Windows 2000 has been designed from the ground up with these advances in mind, providing
support for higher processor counts and being optimised for SMP. It now includes such
features as a per-processor look-aside cache, improved memory allocation efficiency
(providing a 5 per cent improvement in disk I/O), reduced resource contention, per-process
completion ports (providing a 7 per cent increase in TPC-C throughput), a per processor
thread pool, and the use of fibers. The latter are lightweight versions of threads, with a
reduced memory cost that will ease porting of software from Unix environments.
CPU and SMP optimisation is also improved by the use of Job Objects that manage groups of
processes as a unit, keeping them separate from other groups. This provides finer control
over processes running on the system and limits possible adverse effects. The file system
cache has been increased from 512MB to 960MB.
Enterprise Memory Architecture
The new Enterprise Memory Architecture (EMA) exploits larger physical memory space by
increasing the maximum addressable memory from 4GB to 64GB on Intel and 32MB on Alpha
platforms. Actually, on Intel systems the limit is 32MB under Windows 2000 Advanced
Server, and 64MB under Datacentre Server. EMA will work on any Alpha platform, where the
OS will manage the memory enabling more than one application to use the address space.
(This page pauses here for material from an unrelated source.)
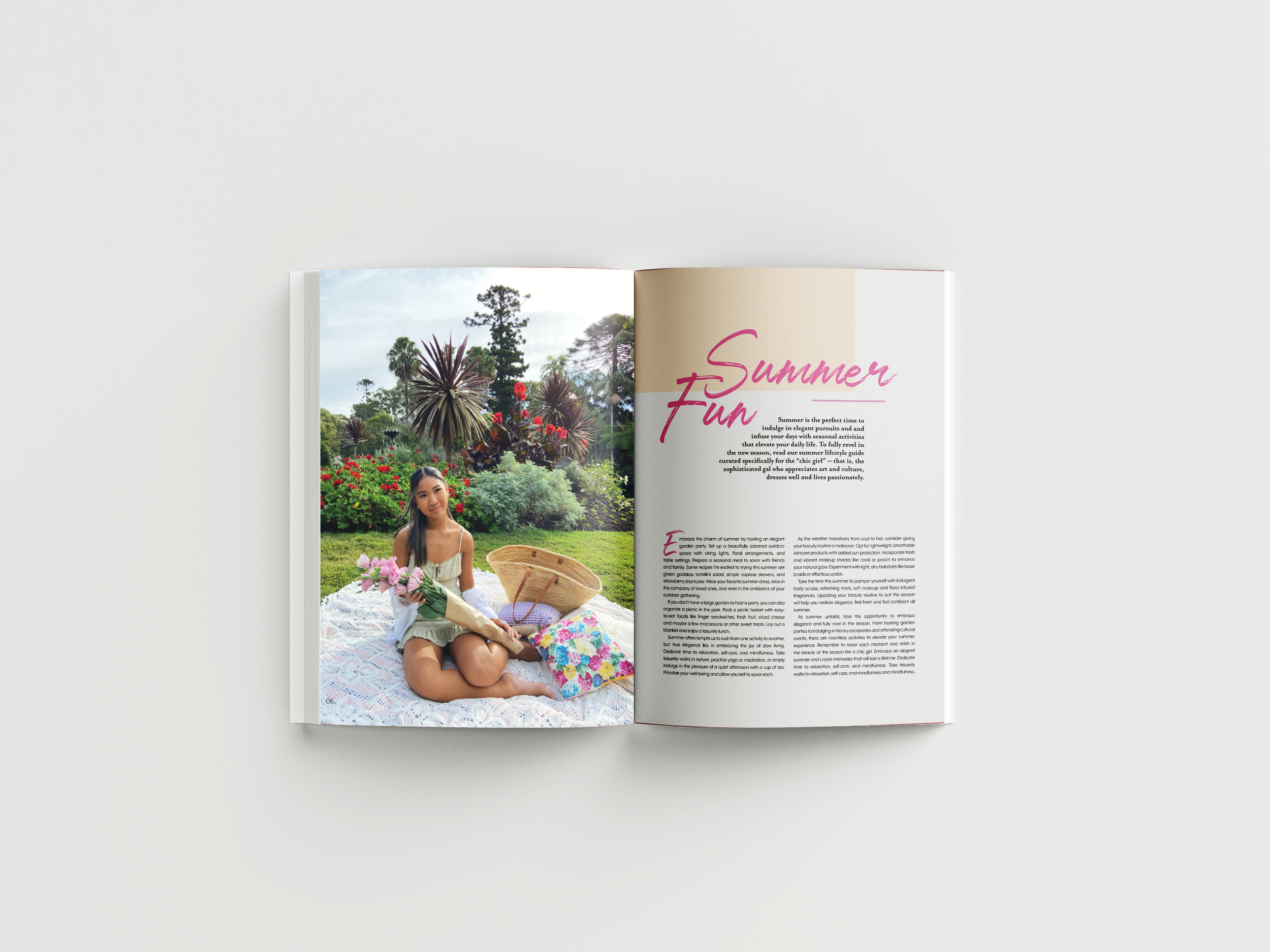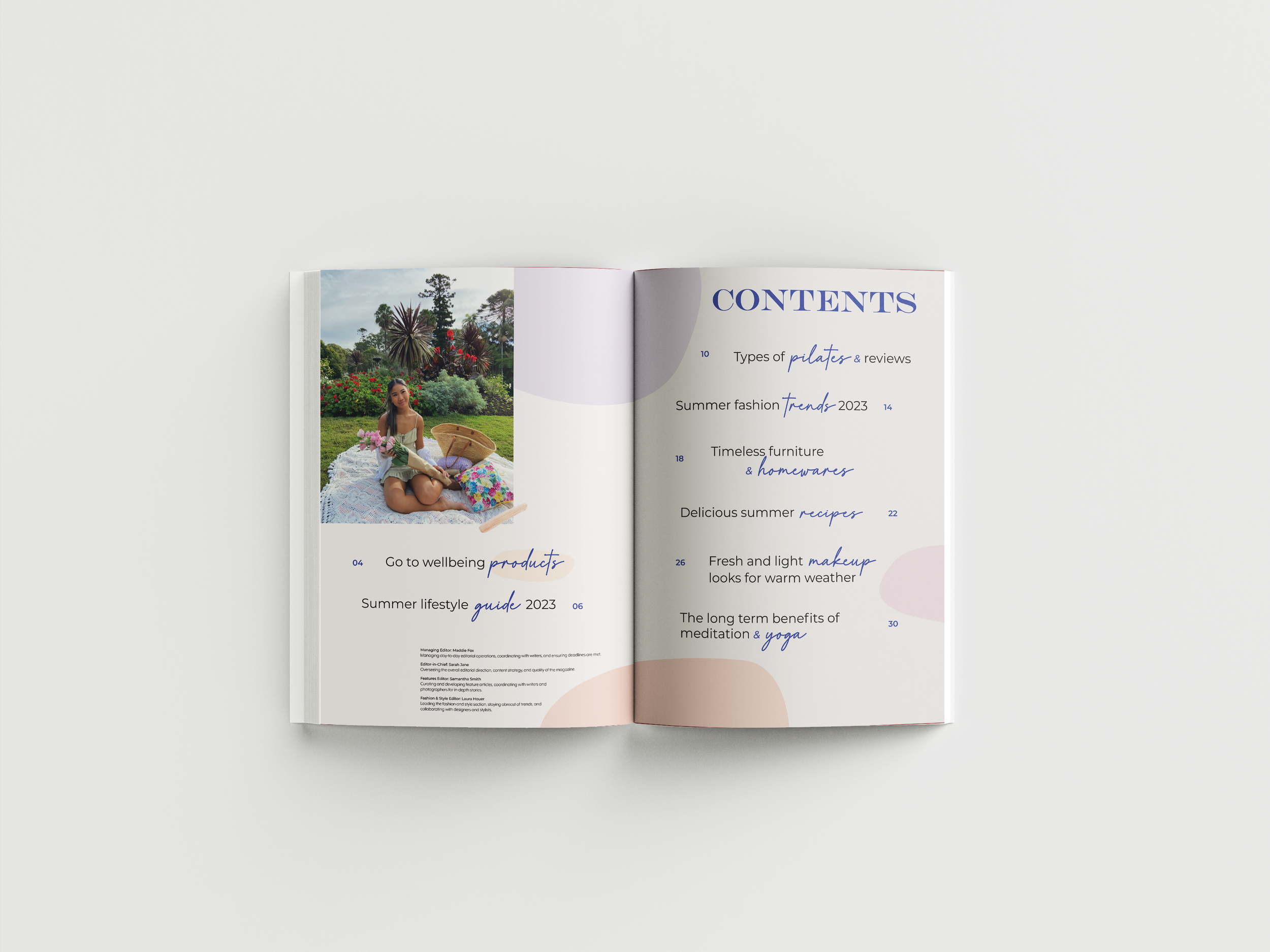 The visual style of the magazine is a clean, modern and feminine style with pastel colours.

Although maximum memory size is greater on Intel systems, it is supported by Xeon
processors only, and the address space is managed by the application, allowing only one
application to use it at a time.
Because we are still effectively working with a 32 bit address space, the additional
memory is divided into multiple 4GB pages handled via the new Page Size Extension feature
on the Xeon processors. This allows Windows 2000 to easily intermix 32 bit and 36 bit
addresses, and reduces the effort needed to develop and support changes in the virtual
memory subsystem. Managing memory above 4GB with large pages is more efficient, providing
better performance, but many will not implement large memory servers until 64 bit Windows
with its more efficient linear address space is finally available. It will
be interesting to see whether Windows 2000 Datacentre Server will ever see the light of
day, given the fact that by the time it appears, 64 bit Windows will be on the horizon.
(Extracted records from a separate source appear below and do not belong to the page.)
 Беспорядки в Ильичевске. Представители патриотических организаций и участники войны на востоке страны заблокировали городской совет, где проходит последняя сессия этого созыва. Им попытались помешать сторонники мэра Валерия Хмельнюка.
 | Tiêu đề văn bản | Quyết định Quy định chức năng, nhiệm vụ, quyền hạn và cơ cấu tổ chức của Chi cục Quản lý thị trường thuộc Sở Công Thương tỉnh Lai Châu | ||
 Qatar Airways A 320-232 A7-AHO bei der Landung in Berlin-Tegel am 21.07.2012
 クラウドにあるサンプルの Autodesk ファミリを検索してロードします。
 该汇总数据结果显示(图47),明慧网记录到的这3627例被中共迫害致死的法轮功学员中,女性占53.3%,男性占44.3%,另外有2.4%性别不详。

Final tweaks to scalability are in the area of enhanced I/O efficiency. Here, code path
lengths have been reduced to improve the I/O drivers, handle improvements have been made
to allow more handles to be used with reduced contention, context switching has been
reduced in the NTFS file system, and there has been a reduction in contention on spin
locks on SCSI devices.
Availability
Moving on from scalability to availability, Microsofts big offering in this area
(when it finally appears) is clustering, which it intends to deliver in two phases. The
current phase allows workload on two servers to automatically fail over (that is,
automatically transfer from the primary to the secondary server in case of system failure)
to the second server, thus creating the beginnings of a high availability NT environment.
The second phase, to be delivered with Windows 2000, will extend high availability
clustering by adding support for large, multi-server clusters that share resources and
behave like a single, logical super server.Clients see a cluster as if it were
a single, high-performance, highly reliable server, and services are cluster-wide with the
ability to tolerate component failures. So, should any one server fail, its services are
automatically handled by other members of the cluster. Components can be added to the
cluster transparently to users (i.e. new servers or storage devices), and existing client
connectivity is not affected by clustered applications. This provides the means to offer
rolling upgrades whilst maintaining continuous service for the user, once again enhancing
the availability of Windows 2000 systems.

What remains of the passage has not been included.